Problem requirements:
Each entry is to be given again exactly; drop the images.

Records excerpted from a collection:
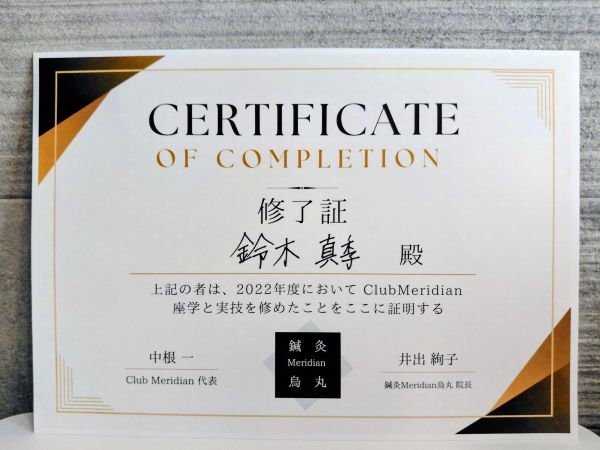 - 京都 鍼灸Meridian烏丸主宰 中根一先生/ 私塾 2022.Club Melidian修了
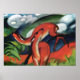 Franz Marc's Red Deer II (1912) is a striking example of his mature style, where the vibrant use of colour and abstraction conveys a sense of energy and movement. In this painting, Marc depicts a red deer surrounded by bold, vivid hues, notably red and orange, which represent both the physical power and the inner spirit of the animal. The form of the deer is simplified into geometric shapes, capturing the essence of the creature without focusing on detailed realism. The dynamic composition, with flowing lines and expressive colour contrasts, reflects Marc's interest in representing the emotional and spiritual connections between animals and nature. This work is an embodiment of Marc’s philosophy that animals possess a deep, primal energy that can be expressed through art, offering a profound reflection on the connection between life and the natural world.
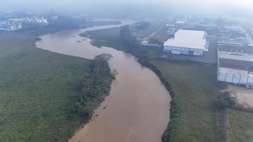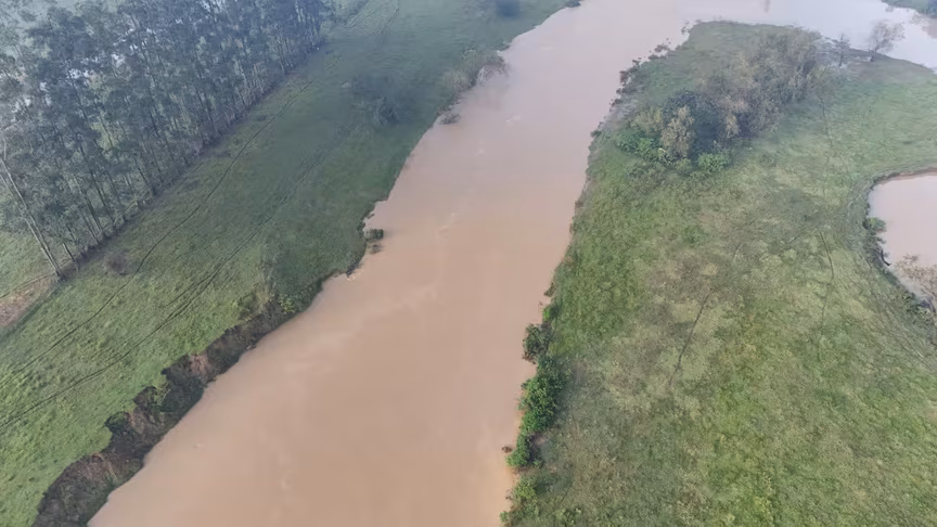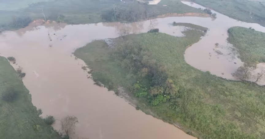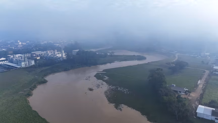 As imagens aéreas capturadas revelam que, apesar do nível elevado, o curso d'água permanece dentro de sua calha, afastando o risco imediato de transbordamento.
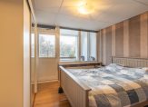 Slaapkamer 1 is aan de achterzijde van de woning gelegen en heeft een oppervlakte van ruim 13m². Deze fijne slaapkamer is voorzien van een strakke wand- en vloerafwerking, vaste kast, houten kozijnen met dubbel glas en verstrekt eveneens de toegang tot het zonnige balkon.
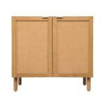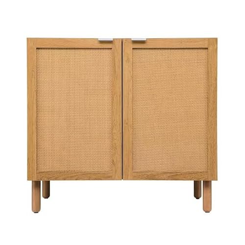 Sango Orre 2ドアキャビネットは、モダンブラウンのデザインで合成ラタン製のドアパネルを採用。調節可能な棚や円筒形の木製の脚が特徴です。リビングやダイニングルームに最適なエレガントな収納家具.
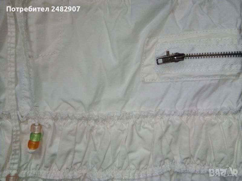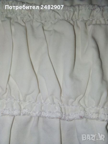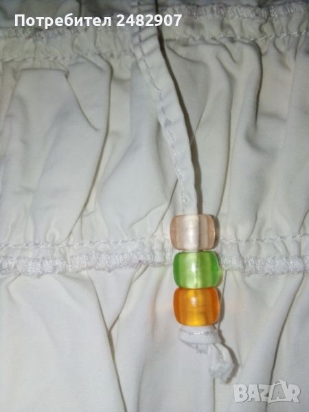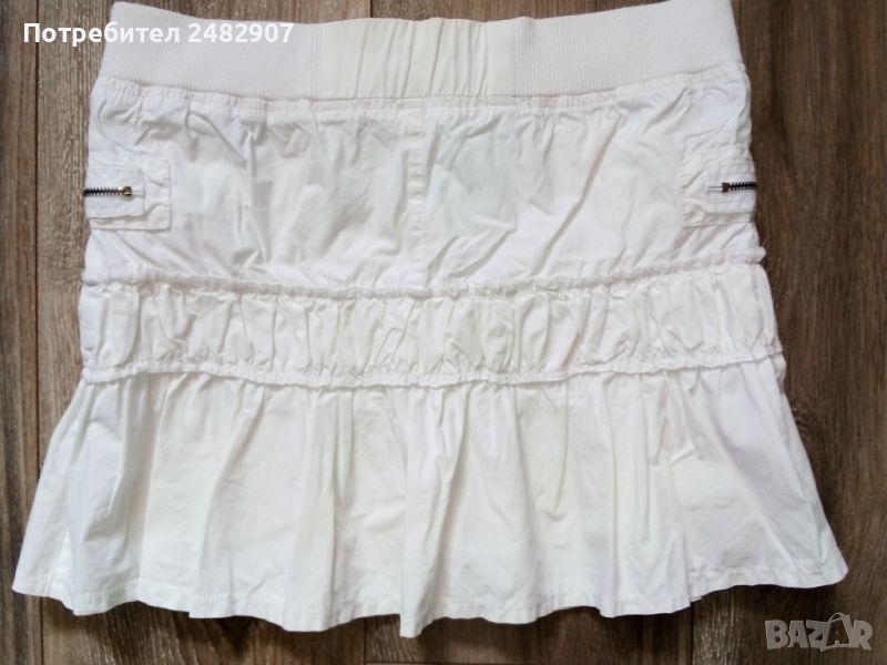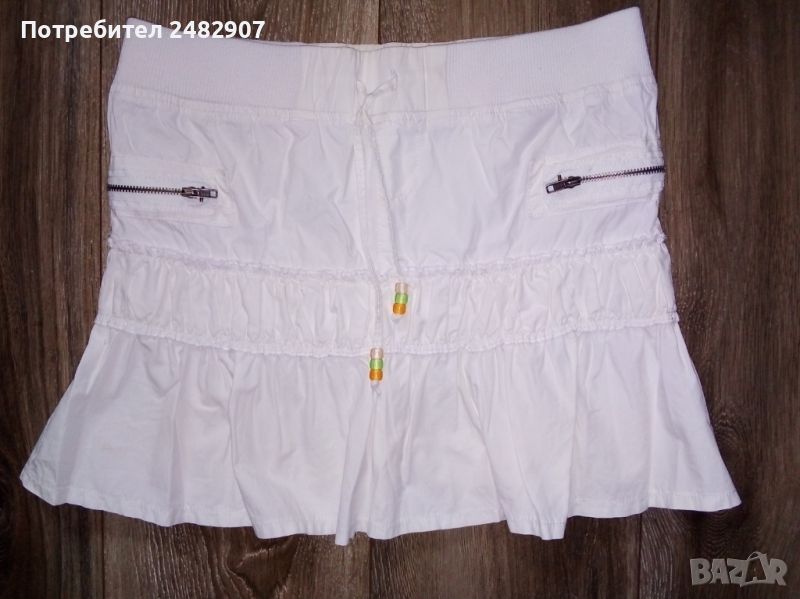 Бяла детска лятна пола за ръст - до 152 см. Съдържа 100 % памук. Ширина в талията - 36 см, ширина в долната част - 55 см, дължина от талията до долу - 34 см. Много запазена, почти не е използвана.
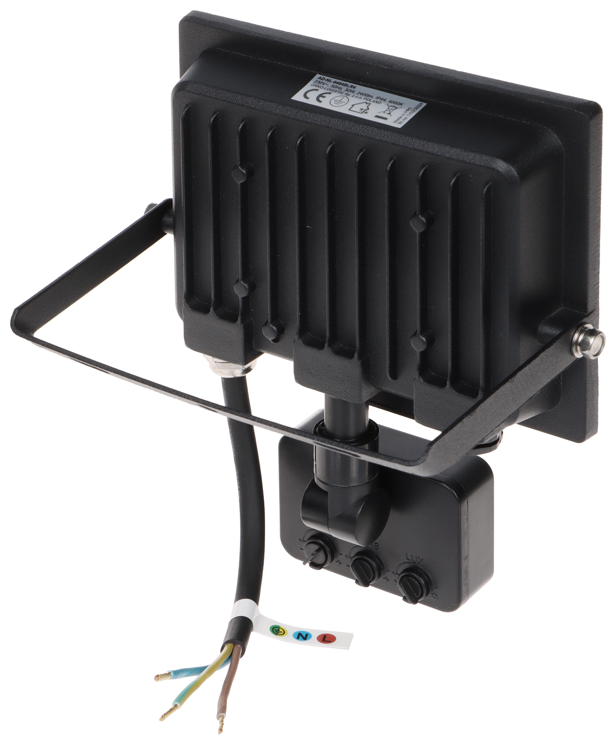 Luminous flux: 2400 lm ; Light color: Neutral, 4000 K ; Twilight switch; Power supply: 230 V AC ; Nominal power: 30 W ; Main features: PIR detector - Built-in, PIR detection sensitivity adjustment, Sensitivity adjustment of the twilight sensor, Lighting time adjustment, ; Mechanical protection class: IK08 ; "Index of Protection": IP44 ;
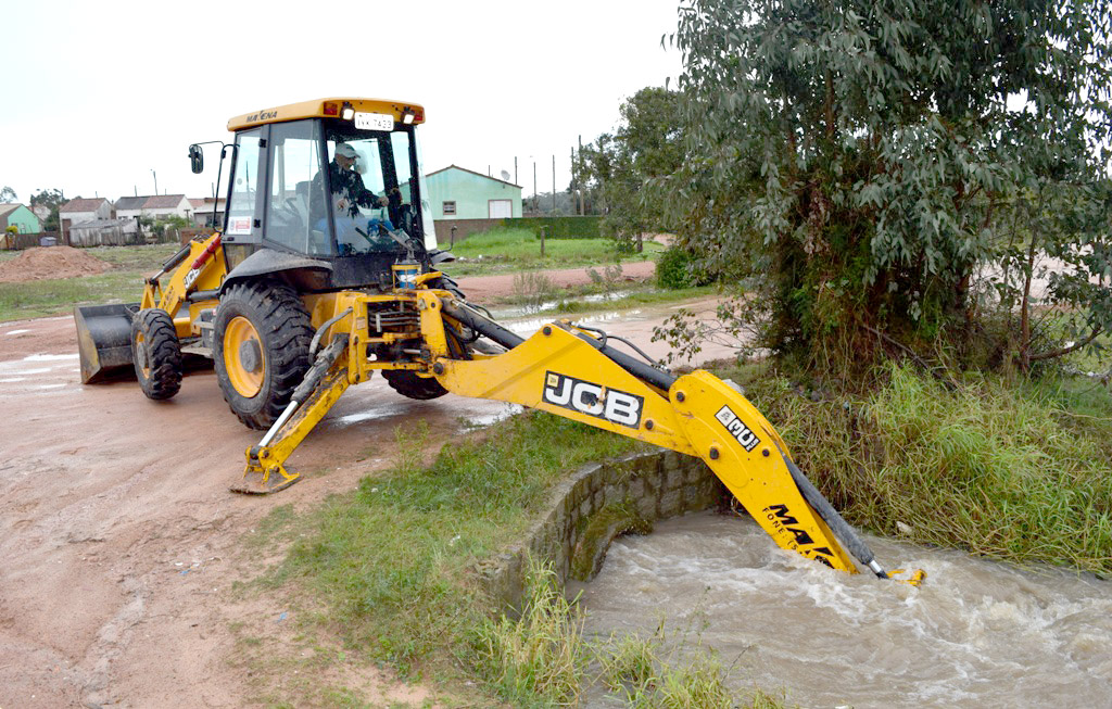 A Secretaria Municipal de Obras e Urbanismo (SMOU) está monitorando a entrada do bairro Nova Esperança e o bairro Banhado Grande, que começa a alagar. Na Rua Plínio Brauner, entre a Rua Max Stenzel e a Avenida Nono Centeno, a SMOU realiza a limpeza dos valos para facilitar o escoamento da chuva.
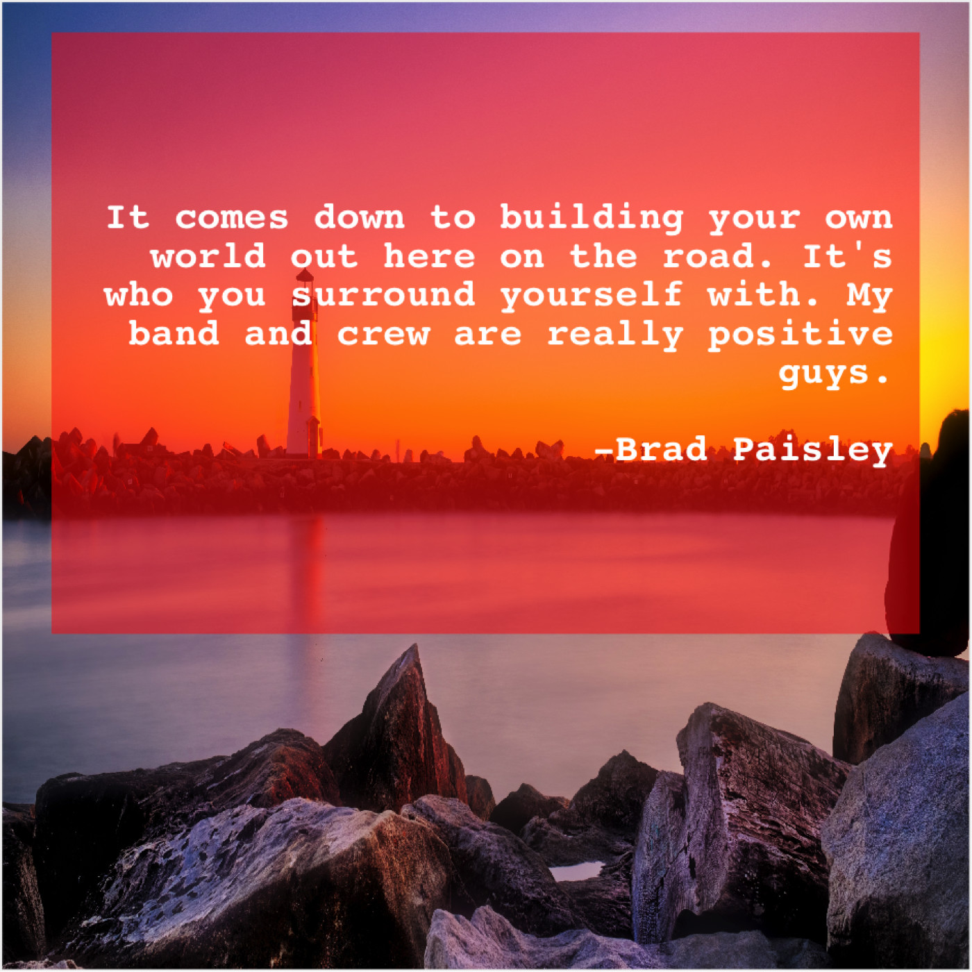 Brad Paisley Brad Paisley – It comes down to building… March 4, 2019 admin “It comes down to building your own world out here on the road. It’s who you surround yourself with. My band and crew are really positive guys.”-Brad Paisley

Response below:
 - 京都 鍼灸Meridian烏丸主宰 中根一先生/ 私塾 2022.Club Melidian修了
 Franz Marc's Red Deer II (1912) is a striking example of his mature style, where the vibrant use of colour and abstraction conveys a sense of energy and movement. In this painting, Marc depicts a red deer surrounded by bold, vivid hues, notably red and orange, which represent both the physical power and the inner spirit of the animal. The form of the deer is simplified into geometric shapes, capturing the essence of the creature without focusing on detailed realism. The dynamic composition, with flowing lines and expressive colour contrasts, reflects Marc's interest in representing the emotional and spiritual connections between animals and nature. This work is an embodiment of Marc’s philosophy that animals possess a deep, primal energy that can be expressed through art, offering a profound reflection on the connection between life and the natural world.
 As imagens aéreas capturadas revelam que, apesar do nível elevado, o curso d'água permanece dentro de sua calha, afastando o risco imediato de transbordamento.
 Slaapkamer 1 is aan de achterzijde van de woning gelegen en heeft een oppervlakte van ruim 13m². Deze fijne slaapkamer is voorzien van een strakke wand- en vloerafwerking, vaste kast, houten kozijnen met dubbel glas en verstrekt eveneens de toegang tot het zonnige balkon.
 Sango Orre 2ドアキャビネットは、モダンブラウンのデザインで合成ラタン製のドアパネルを採用。調節可能な棚や円筒形の木製の脚が特徴です。リビングやダイニングルームに最適なエレガントな収納家具.
 Бяла детска лятна пола за ръст - до 152 см. Съдържа 100 % памук. Ширина в талията - 36 см, ширина в долната част - 55 см, дължина от талията до долу - 34 см. Много запазена, почти не е използвана.
 Luminous flux: 2400 lm ; Light color: Neutral, 4000 K ; Twilight switch; Power supply: 230 V AC ; Nominal power: 30 W ; Main features: PIR detector - Built-in, PIR detection sensitivity adjustment, Sensitivity adjustment of the twilight sensor, Lighting time adjustment, ; Mechanical protection class: IK08 ; "Index of Protection": IP44 ;
 A Secretaria Municipal de Obras e Urbanismo (SMOU) está monitorando a entrada do bairro Nova Esperança e o bairro Banhado Grande, que começa a alagar. Na Rua Plínio Brauner, entre a Rua Max Stenzel e a Avenida Nono Centeno, a SMOU realiza a limpeza dos valos para facilitar o escoamento da chuva.
 Brad Paisley Brad Paisley – It comes down to building… March 4, 2019 admin “It comes down to building your own world out here on the road. It’s who you surround yourself with. My band and crew are really positive guys.”-Brad Paisley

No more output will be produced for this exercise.